====== RECORDS FOR THIS TASK

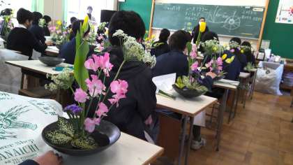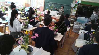 1年生は伝統文化体験で生け花に取り組みました。
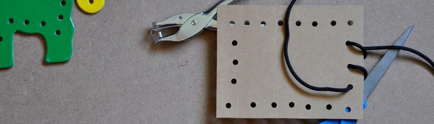I made the one above in no time, literally – maybe 3 minutes, it took longer to find the supplies then to make it. Just cut cardboard into a shape, punch, and get laces. You could even use yarn with the end wrapped in tape if you don’t have laces.
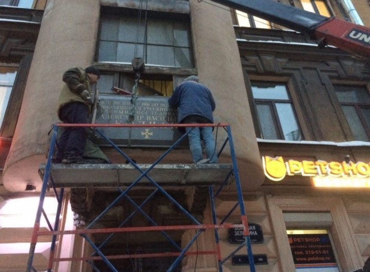 Памятную доску собирались разместить ещё 24 сентября. Заявил о таком намерении в своём "твиттере" писатель, член центрального совета Российского военно-исторического общества Армен Гаспарян. По его словам, губернатор Георгий Полтавченко уже подписал соответствующее постановление. Оплачено создание мемориальной доски было из фонда движения "Белое дело".
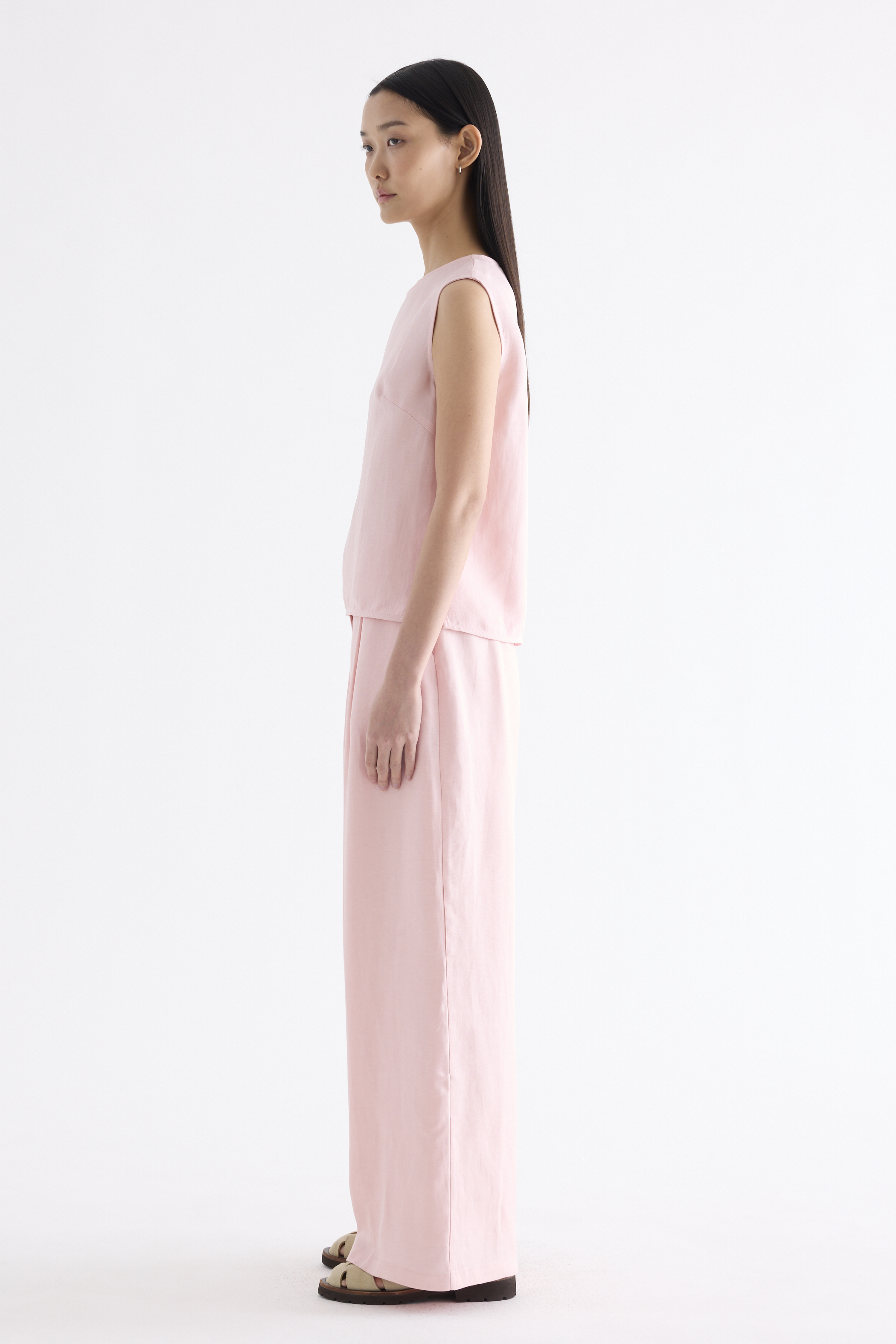 A mix-and-match favourite. Cut from light and softly tailored fabric, this sleeveless top features a round neckline, side splits and a back keyhole opening with a tie-strap closure. Worn in a relaxed fit.
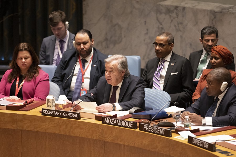 United Nations Secretary-General Antonio Guterres (C, Front) speaks at a Security Council high-level debate on countering terrorism by strengthening cooperation between the United Nations and regional organizations at the UN headquarters in New York, on March 28, 2023. (Xinhua/Xie E)
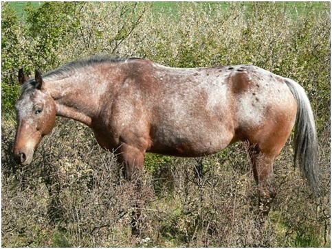 Roan blanket – Kůň se vzorem blanket a prokvétáním (varnish roan) v oblasti původní tmavé srsti.
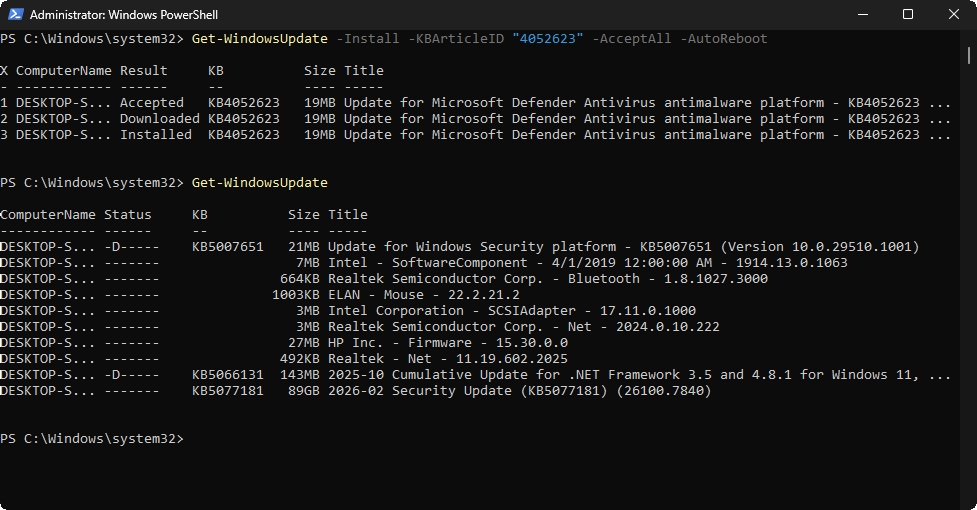 PS C:\Windows\system32> Get-WindowsUpdate -Install -KBArticleID "4052623" -AcceptAll -AutoReboot
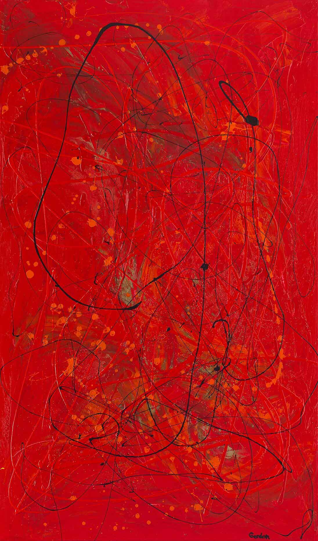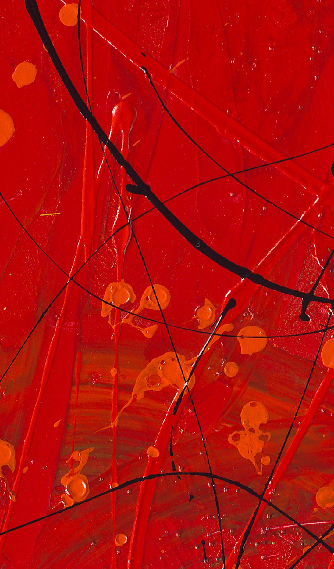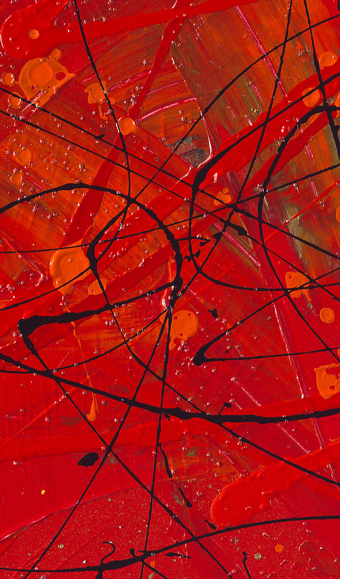 Spachteltechnik, strukturierte Acryl-Farbbasis auf Leinwand mit mehrfarbigen Schichten, verstärkt durch ausgefallene Farbkrümmungen.
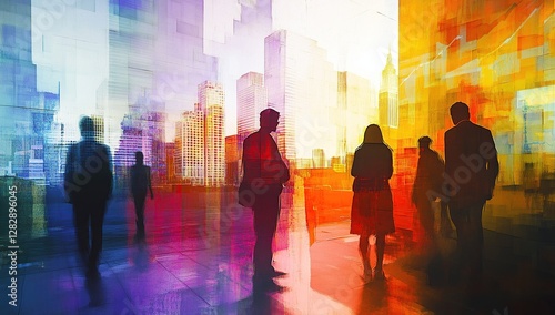 Urban Professionals Navigate Cityscape's Vibrant Energy, Silhouetted Against Sunset's Glow, Contemplating Future Opportunities.
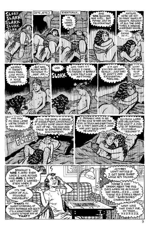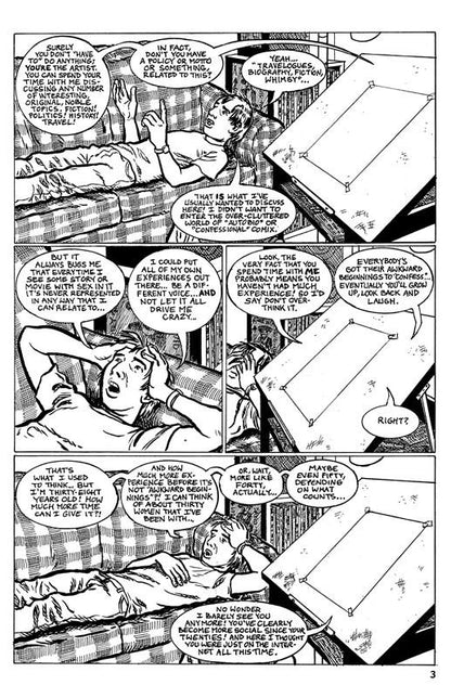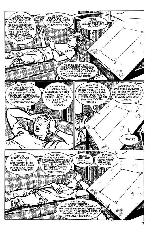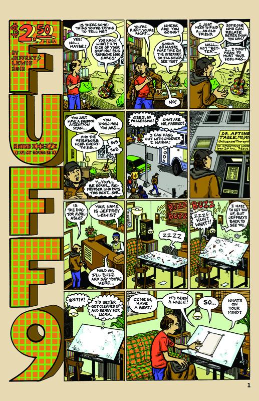 In this issue Jeffrey begins an autobiographical sexual tell-all, confessing everything to the only therapist who will listen, his art desk… but even the desk soon falls asleep and dreams of an elaborate fictional tale involving a junkie, a mutant and a wrestler, maintaining the Fuff tradition of balancing fiction vs. non-fiction content!

============

**WHAT IS BEING ASKED**
Return, exactly as they stand, the lines above from the one with "Roan blanket –" to the one with "Urban Professionals Navigate", omitting any pictures among them.

**ANSWER TO THIS PROBLEM**
 Roan blanket – Kůň se vzorem blanket a prokvétáním (varnish roan) v oblasti původní tmavé srsti.
 PS C:\Windows\system32> Get-WindowsUpdate -Install -KBArticleID "4052623" -AcceptAll -AutoReboot
 Spachteltechnik, strukturierte Acryl-Farbbasis auf Leinwand mit mehrfarbigen Schichten, verstärkt durch ausgefallene Farbkrümmungen.
 Urban Professionals Navigate Cityscape's Vibrant Energy, Silhouetted Against Sunset's Glow, Contemplating Future Opportunities.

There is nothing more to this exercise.